BBY n’est qu’une nébuleuse ; et rien d’autre. Qui ne fera pas progresser le débat et ne conduira pas l’action. C’est l’illusion des « libéraux ». Wade, anti-marxiste plus que n’importe qui, avait pourtant, quant à lui, compris le rôle des partis dans l’évolution des sociétés. Même Léopold Sédar Senghor l’avait compris, autorisant la création du PDS au temps du PS, parti unique triomphant**. Mais c’était un temps (révolu) où les hommes politiques faisaient de la… politique. Aujourd’hui, ils s’efforcent, seulement, de gérer leur carrière. C’est dire que le PDS aurait une carte à jouer dans le jeu politique sénégalais : celui de la réflexion, de l’organisation et de l’action. A condition que ses députés prennent conscience qu’aujourd’hui, à l’exception du PS, aucune formation politique ne peut revendiquer la place qui est la sienne dans l’histoire politique et sociale du Sénégal ; ce qui lui crée des responsabilités. Cela n’est pas arrivé tant qu’ils étaient au pouvoir ; cela peut-il arriver dès lors qu’ils sont dans l’opposition ?

* Lors des législatives de 2007, la « coalition Sopi » avait remporté une victoire plus écrasante encore que BBY aujourd’hui : 131 des 150 sièges alors qu’en 2000 – année de la victoire de Wade à la présidentielle – elle avait remporté 89 des 120 sièges. Il faut remonter aux législatives de 1983 pour retrouver un score aussi faible du PDS : 8 des 120 sièges soit 150.785 voix !

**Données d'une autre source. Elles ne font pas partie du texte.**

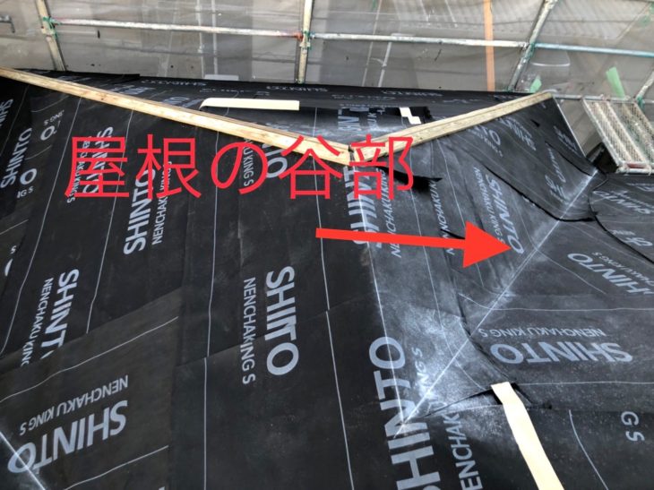 谷樋の下には下葺き材と呼ばれる防水シート(ルーフィング)が貼られ、万が一谷板金に穴が開いても雨水が屋根の中に侵入するのを防いでいます。
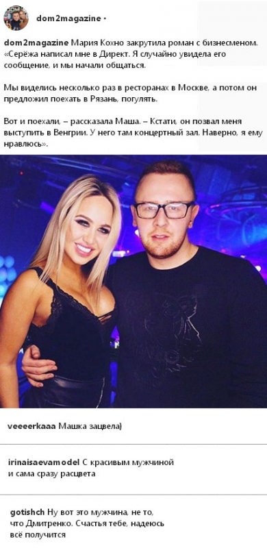 19 декабря 2017 года выяснилось, что в жизни Марии Кохно начался очередной роман, на этот раз девушка выбрала некоего рязанского бизнесмена. Надеждам Маши стать счастливой вместе с Дмитрием Дмитренко, который все еще состоит в браке с Ольгой Рапунцель, не суждено было сбыться. Вместо построения новых взаимоотношений с Марией Дмитрий принялся умолять супругу простить его и дать ему еще один шанс. К тому же теперь молодой мужчина вполне готов и опять вернуться на телестройку, где остается его супруга и в скором времени появится новорожденная дочь. Смотрите также: Дом 2 22 декабря 2017 вечерний и ночной Однако Кохно нисколько не расстраивается из-за этой ситуации, у девушки уже имеется новый поклонник, бизнесмен по имени Сергей, фотография которого уже размещена на просторах Интернета. Этот человек написал Марии в директ, после чего эти двое несколько раз поужинали вместе в столичных ресторанах и даже прогулялись по рязанским улицам. Правда, пока ни о каких серьезных взаимоотношениях между Кохно и появившимся у нее знакомым речь не идет. Но сама Маша не сомневается в том, что ее теперешний друг если не влюблен в нее, то, во всяком случае, неравнодушен к девушке. К тому же в скором времени она намеревается выступить в концертном зале, находящемся в Венгрии и являющемся собственностью Сергея. Впечатление от снимка и мнение о том, является ли этот представитель сильного пола подходящей парой для Марии Кохно, вы можете высказать в комментариях.
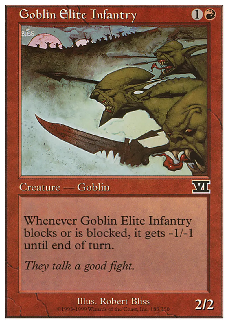 Magic: the Gathering (mtg) Common Creature - Goblin Warrior Goblin Elite Infantry from Classic Sixth Edition (6ED) last updated 2026-01-17 15:11:32
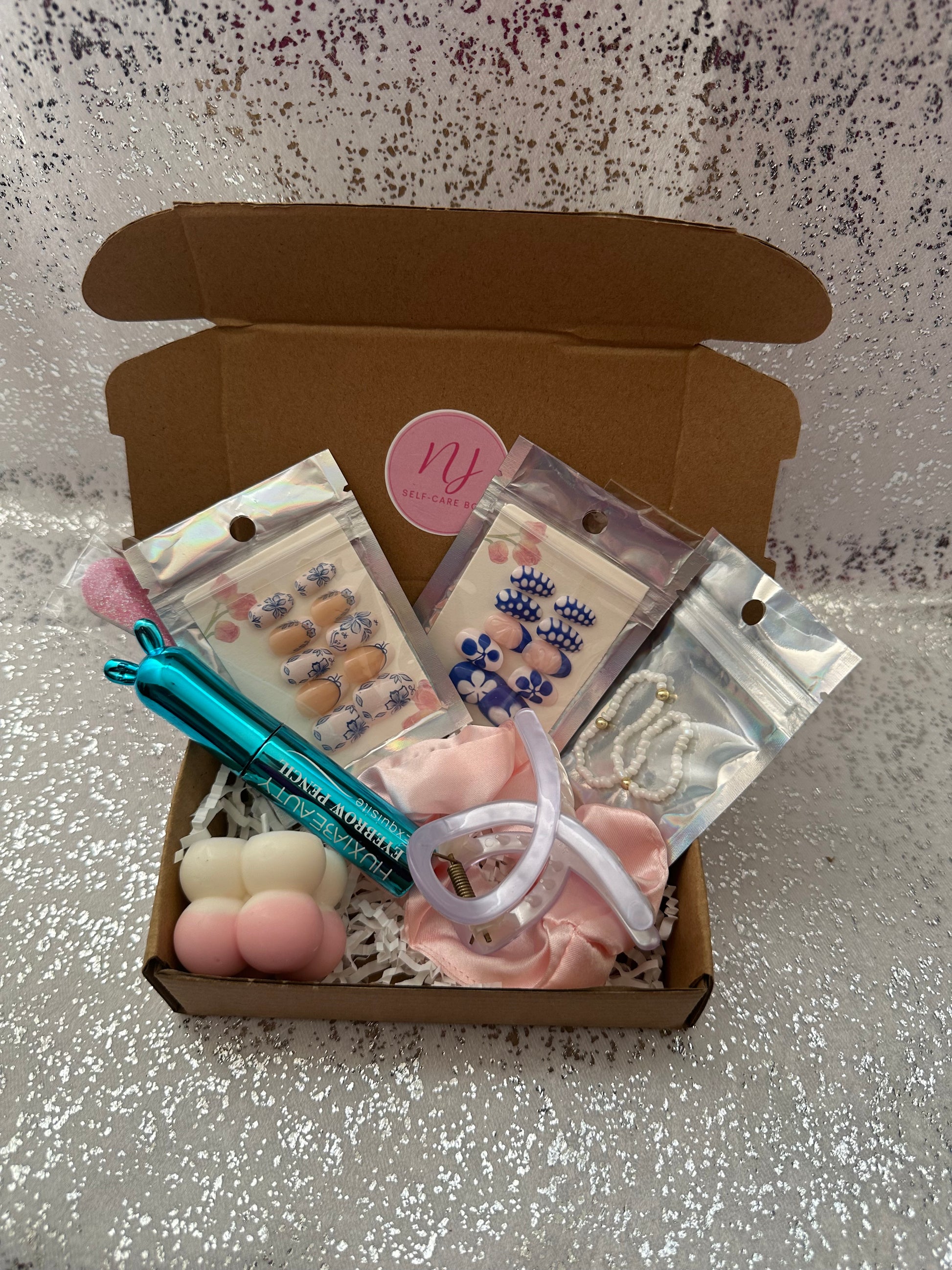 - 💅 Press-on Nails (3 Designs) – Floral, blue, and neutral styles.
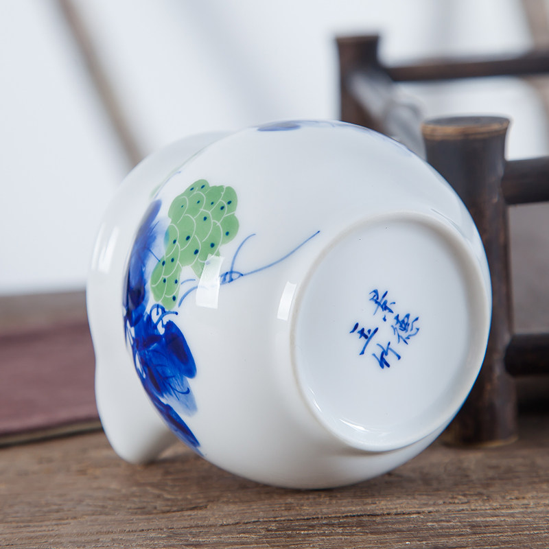 Jingdezhen Ceramics Fair Cup Green Flower porcelain sub-tea Hand-painted Thin Tire Cup Uniform Cup Handmade Tea Dao Tea Sea

** A ce sujet, Wade a déclaré : « Senghor, véritable génie politique, pratiquement seul sur la scène politique, dut recourir aux luttes internes pour entretenir la combativité de son parti. Il créa les tendances pour satisfaire, tant bien que mal, le besoin sénégalais de contestation […] Senghor, maître ès gestion des conflits de personnes réussit ainsi à tenir tout le monde en laisse, en accordant toujours son soutien à la tendance de celui qui, en fait, était minoritaire. De cette façon, l’investi chef de la tendance A devenait un inconditionnel qui devait tout au parti alors que le majoritaire, tendance B, s’épuisait dans de vaines procédures où tout était décidé à l’avance et tirait la langue en espérant qu’un jour justice lui sera rendue. C’était une idée géniale » (Abdoulaye Wade, « Une Vie pour l’Afrique » - éditions Michel Lafon – Paris 2008).